Man kann es falsch machen, dann ist es zu offensichtlich für den Leser und
wirkt künstlich. Ich versuche es natürlich so zu machen, dass es nicht
gezwungen wirkt. 22,5 sec
Von den Geräuschen eines Wintersturms wird Stroksnes in einen schweißtreibenden
Meeres-Alptraum geworfen. Später philosophiert er über die menschliche Furcht vor
den Gewalten der Ozeane. Während der Sturm sich zu einem Orkan auswächst, liest
er sich fest in einer frühen historischen Beschreibung sagenhafter Meeresgestalten,
um von dort auf die real existierenden Meereswunder unserer Tage zu kommen.
Zitator
Ein Tintenfisch, der 2005 in Indonesien entdeckt wurde, ist in der Lage, die
Form einer Scholle, einer Seeschlange oder verschiedener Fischarten
anzunehmen.

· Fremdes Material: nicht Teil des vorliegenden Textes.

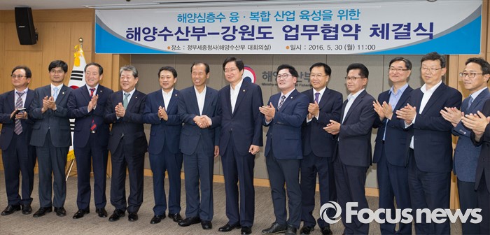 (세종=포커스뉴스) 30일 오전 세종시 정부세종청사 해양수산부 대회의실에서 열린 해양심층수 융·복합 산업 육성을 위한 해양수산부와 강원도 간 업무협약 체결식에서 김영석(왼쪽 일곱번째)) 해양수산부 장관과 최문순(왼쪽 여섯번째) 강원지사가 협약서를 들고 기념촬영 하고 있다.
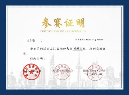 11月29日,由黑龙江省俄语学会、黑龙江省外国语学会和黑龙江省商务英语学会主办,福州译国译民集团有限公司和黑龙江大学共同承办的第四届黑龙江省翻译大赛公布获奖名单。俄语系朱华墩(24级博士生)同学获俄译汉组二等奖。

Außerdem können die meisten Tintenfische blitzschnell Farbe
und Muster ihrer Haut verändern, um mit ihrer Umgebung zu verschmelzen. Die
Tintenfische der Tiefsee sind weder von oben noch von unten zu erkennen.
22sec
Morten Stroksnes spinnt dabei kein Seemannsgarn. Ein beindruckender
Quellenkatalog im Anhang belegt noch die unwahrscheinlichsten Phänomene.
Meeresbiologen hätten alle Fakten gecheckt, beteuert Stroksnes. Wobei sich „Das
Buch vom Meer“ keine Sekunde wie ein dröger Wissenschaftsessay liest. Das liegt
vor allem an der originellen Rahmenhandlung, der Jagd nach dem Eishai über der
die Jahreszeiten vergehen. Es stürmt und regnet. Oft ist das Nordmeer zu rau, um
hinauszufahren. Dann wieder glattgezogen wie ein Spiegel. Manchmal ruckelt es an
der Angelschnur, doch der Hai, das Urmonster, bleibt ein Phantom. Unserer
schaudernden Vorfreude auf die finale Begegnung tut das keinen Abbruch. Im
Gegenteil: Die Lese-Spannung steigt eher noch, mit jedem weiteren erfolglosen
Fang-Versuch. Der Schluss sei hier nicht verraten. Nur so viel: fast ein bisschen
unwillig legt man das Buch aus der Hand – ungläubig, dass das Abenteuer vorbei
sein soll, aber auch tief beglückt. Es hätte noch ewig so weitergehen können.